I am building a model that do some processings on tables of sizes between 2 - 4 million records. It is great that KNIME executes nodes in parallel, but I do not have such a huge memory allocated for KNIME (I only allocate 1 GB for it, all the free memory I have). So, at times KNIME could not free up enough memory in time and everything just crashes. Now I resort to click run on subsets of nodes that I know can run in parallel without memory issue.
My question is: Is there any way I can configure KNIME to run only one node at a time, for the whole process? I hope this way, it will have enough time to clear some memory before next execution.
I don't know is that possible but for large tables with meny records try setting up node's 'Memory policy'. To do that when you configure particular node go to 'Memory policy' tab. There are 3 options:
- keep all in memory - means that all the data will be kept in RAM;
- keep only small tables in memory - just portions of data will be kept in RAM;
- write tables to disc - all data will be kept on harddrive;
Choosing third options should decrease memoty usage but also should decrease speed of the workflows.
I have switched all the large nodes to write to harddisk. But its still the same because in my setup, there are 10 nodes that is supposed to process the large records. And because these 10 nodes do not have prior operations, if I click Execute all, all 10 nodes starts simulatneously, and 20 millions records get processed. hahaha...
Well, if that is the case, then I would need to click one by one then. Thanks.
You can induce an execution order on these nodes by connecting them via the flow variable ports (right click any node, then select "Show Flow Variable Ports").
Can you elaborate on which nodes cause the memory problems? It shouldn't matter much how many nodes are executed in parallel (unless of cause these are ten memory intensive nodes such as the weka or certain other learner nodes).
...and you can set the number of threads used by KNIME in the preferences. The default is twice the number of CPU cores. Since each node is run in its own thread reducing this number also reduces the number of concurrently running nodes.
I have right clicked several nodes and there are no options for "Show Flow Variable Ports". I just show the regular Execute, Reset, Edit Name, etc. I am running KNIME 2.3.4.
My setup is like this, I am doing some matching of databases records so I have 1 database reader (a) fed into a Joiner node together with another database reader (b). (b) is just a small table with about 5k records while (a) is the large one with about 2-4 million records. (This could be done through database joins directly, but there are other regular operations as well Group By, Filter... I did not want to write a complex SQL statement so I used the nodes instead).
So, (a) joins with (b), that is no issue. It can run until the end of the regular process, no learner nodes or weka nodes, just plain simple nodes. hahaha.

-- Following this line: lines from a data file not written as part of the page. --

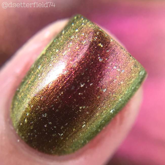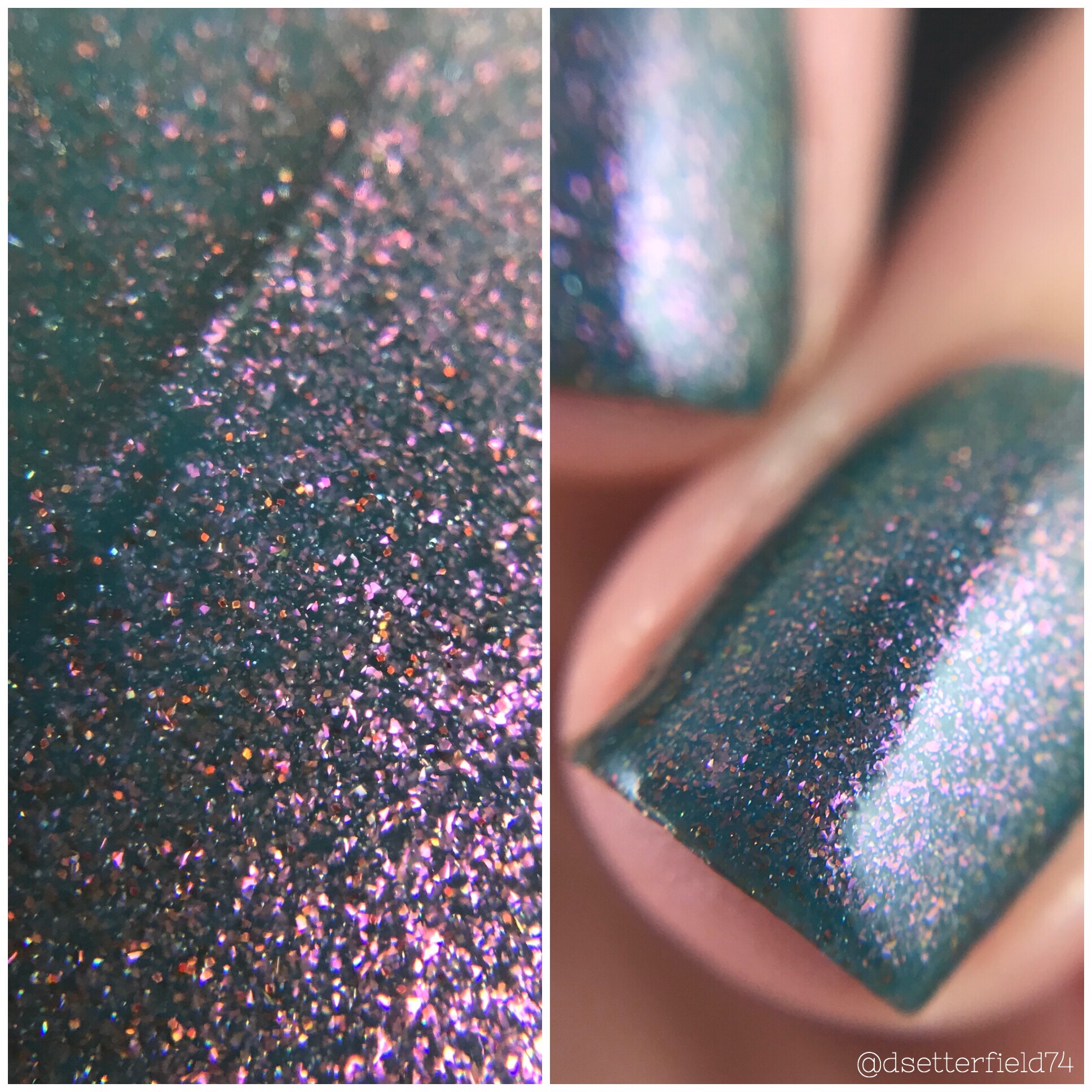 DESCRIPTION:  A slight teal green base with rose/golden multichrome and large particle color shifting shimmers and scattered holo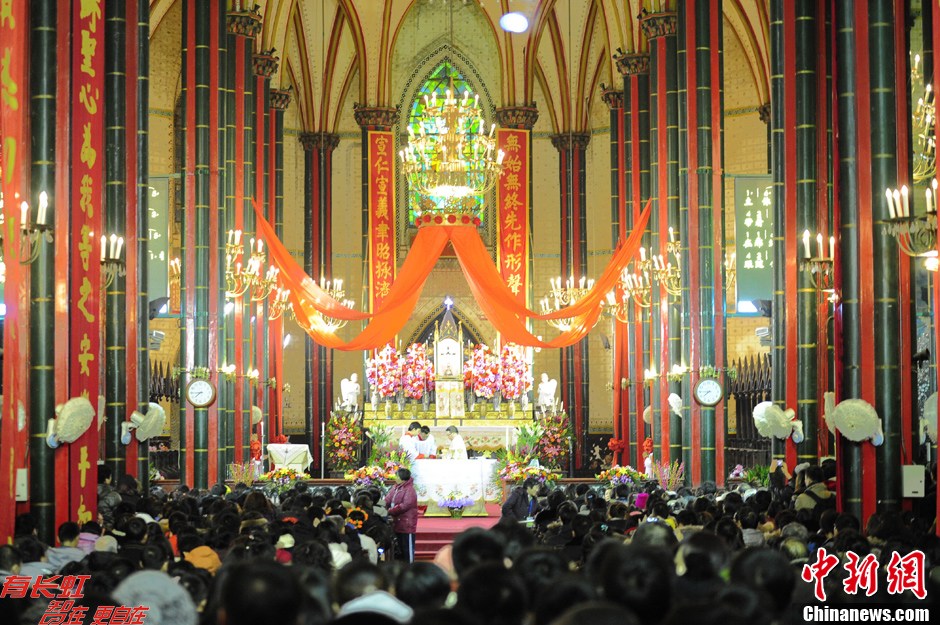 12月24日,尽管北京当日夜间气温跌破零下十度,依然难挡众多北京市民和信众前往教堂观摩弥撒。当日是西方传统节日圣诞节的前夜,也称平安夜。而在北京市著名的西什库天主教堂,大量民众进入教堂内体验圣诞节平安夜的节日气氛。图为西什库天主教堂内正在进行弥撒仪式。中新社发 崔楠 摄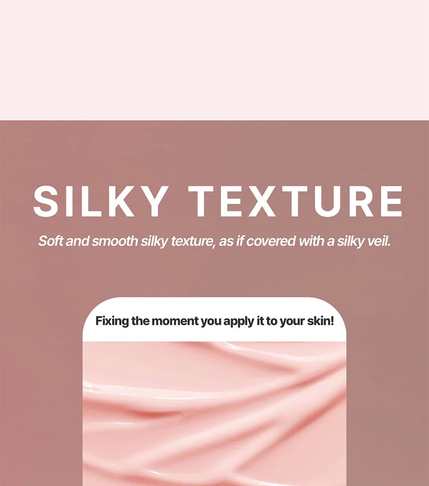 Dimethicone, Water, Cyclopentasiloxane, Butylene Glycol, Dimethicone/Vinyl Dimethicone Crosspolymer, Methyl Methacrylate Crosspolymer, Cyclohexasiloxane, Dimethicone Crosspolymer, Phenyl Trimethicone, PEG-10 Dimethicone, Magnesium Sulfate, Cetyl PEG/PPG-10/1 Dimethicone, Caprylyl Glycol, Polymethylsilsesquioxane, Vinyl Dimethicone/Methicone Silsesquioxane Crosspolymer, Titanium Dioxide (CI 77891), Silica Silylate, Synthetic Beeswax, Ethylhexylglycerin, Fragrance, 1,2-Hexanediol, Prunus Serrulata Flower Extract, Trisodium Ethylenediamine Disuccinate, Nelumbo Nucifera Flower Extract, Iron Oxides (CI 77491), Aluminum Hydroxide, Triethoxycaprylylsilane, Iron Oxides (CI 77492), Glycine, Serine, Glutamic Acid, Sodium Hyaluronate, Aspartic Acid, Leucine, Alanine, Lysine, Arginine, Tyrosine, Phenylalanine, Proline, Prunus Persica (Peach) Flower Extract, Threonine, Valine, Isoleucine, Histidine, Cysteine, Methionine, Allantoin, Centella Asiatica Extract, Centella Asiatica Leaf Extract, Centella Asiatica Root Extract, Polyglutamic Acid, Pinus Pinaster Bark Extract, Hyaluronic Acid, Hydrolyzed Hyaluronic Acid, Hydroxypropyltrimonium Hyaluronate, Hydrolyzed Sodium Hyaluronate, Potassium Hyaluronate, Sodium Hyaluronate Crosspolymer, Pentylene Glycol, Asiaticoside, Madecassic Acid, Sodium Acetylated Hyaluronate

But, the issue is, I have 10 different (a) tables to compare with 10 different (b)s. So instead of running once, change the table name and run again. I resorted to duplicating the same process 10 times. Now if I click on "Execute All", it will start loading the 10 (a) tables together.
It runs for awhile, then after that the whole KNIME just closes itself. And when I check the logs, it stated:
!MESSAGE An unexpected runtime error has occurred. The application will terminate.
java.lang.OutOfMemoryError: Java heap space
So I was wondering if there is a way to limit the execution so that it runs the 10 processes one by one.
Apart from just healing symptoms...
The problem of the OoM seems to be caused by the concurrently running Joiner nodes (they partially sort the data and we are currently investigating a memory problem if you run those simultaneously).
As for the missing "Show flow variable port" option: You have to enable the expert mode in KNIME v2.3.4 (but not in v2.4 because it will be enabled by default)
correct... limiting the thread has the effect of "queueing" the concurrent nodes... works for me now... hahaha...
This piece of information helped me a lot!
I have a flow in which a csv write node is attached to a SharePoint login node. The data input for the csv node takes about 3 hours to calculate, after which time the SPO login has expired again. The SPO node is executed right away, though, since it has no predecessors. Now, with the flow variable connection, it has!